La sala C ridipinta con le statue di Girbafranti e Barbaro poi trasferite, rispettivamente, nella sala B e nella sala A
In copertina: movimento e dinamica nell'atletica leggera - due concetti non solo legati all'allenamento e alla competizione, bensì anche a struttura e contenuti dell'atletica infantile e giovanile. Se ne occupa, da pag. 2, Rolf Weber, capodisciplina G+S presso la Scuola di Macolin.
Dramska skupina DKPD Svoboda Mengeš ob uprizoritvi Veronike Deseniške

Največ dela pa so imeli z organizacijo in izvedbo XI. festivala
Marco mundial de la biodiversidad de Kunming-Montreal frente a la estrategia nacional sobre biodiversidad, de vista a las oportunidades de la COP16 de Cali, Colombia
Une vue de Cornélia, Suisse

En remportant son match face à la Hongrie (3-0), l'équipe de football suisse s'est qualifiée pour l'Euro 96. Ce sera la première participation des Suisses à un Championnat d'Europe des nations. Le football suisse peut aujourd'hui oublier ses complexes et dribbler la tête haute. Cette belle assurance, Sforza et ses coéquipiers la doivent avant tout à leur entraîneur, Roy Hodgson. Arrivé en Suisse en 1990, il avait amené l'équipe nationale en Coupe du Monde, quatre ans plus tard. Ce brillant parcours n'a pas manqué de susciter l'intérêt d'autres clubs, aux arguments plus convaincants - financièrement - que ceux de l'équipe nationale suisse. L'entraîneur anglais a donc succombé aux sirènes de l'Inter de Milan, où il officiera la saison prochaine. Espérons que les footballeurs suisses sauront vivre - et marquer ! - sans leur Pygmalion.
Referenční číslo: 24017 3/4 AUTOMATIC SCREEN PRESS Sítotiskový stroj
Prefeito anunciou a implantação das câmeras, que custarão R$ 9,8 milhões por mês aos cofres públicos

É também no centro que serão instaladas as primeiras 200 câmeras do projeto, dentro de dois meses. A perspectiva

EXERCISE: Having read the material, return all of it word for word.

EXPECTED ANSWER:
La sala C ridipinta con le statue di Girbafranti e Barbaro poi trasferite, rispettivamente, nella sala B e nella sala A
In copertina: movimento e dinamica nell'atletica leggera - due concetti non solo legati all'allenamento e alla competizione, bensì anche a struttura e contenuti dell'atletica infantile e giovanile. Se ne occupa, da pag. 2, Rolf Weber, capodisciplina G+S presso la Scuola di Macolin.
Dramska skupina DKPD Svoboda Mengeš ob uprizoritvi Veronike Deseniške

Največ dela pa so imeli z organizacijo in izvedbo XI. festivala
Marco mundial de la biodiversidad de Kunming-Montreal frente a la estrategia nacional sobre biodiversidad, de vista a las oportunidades de la COP16 de Cali, Colombia
Une vue de Cornélia, Suisse

En remportant son match face à la Hongrie (3-0), l'équipe de football suisse s'est qualifiée pour l'Euro 96. Ce sera la première participation des Suisses à un Championnat d'Europe des nations. Le football suisse peut aujourd'hui oublier ses complexes et dribbler la tête haute. Cette belle assurance, Sforza et ses coéquipiers la doivent avant tout à leur entraîneur, Roy Hodgson. Arrivé en Suisse en 1990, il avait amené l'équipe nationale en Coupe du Monde, quatre ans plus tard. Ce brillant parcours n'a pas manqué de susciter l'intérêt d'autres clubs, aux arguments plus convaincants - financièrement - que ceux de l'équipe nationale suisse. L'entraîneur anglais a donc succombé aux sirènes de l'Inter de Milan, où il officiera la saison prochaine. Espérons que les footballeurs suisses sauront vivre - et marquer ! - sans leur Pygmalion.
Referenční číslo: 24017 3/4 AUTOMATIC SCREEN PRESS Sítotiskový stroj
Prefeito anunciou a implantação das câmeras, que custarão R$ 9,8 milhões por mês aos cofres públicos

É também no centro que serão instaladas as primeiras 200 câmeras do projeto, dentro de dois meses. A perspectiva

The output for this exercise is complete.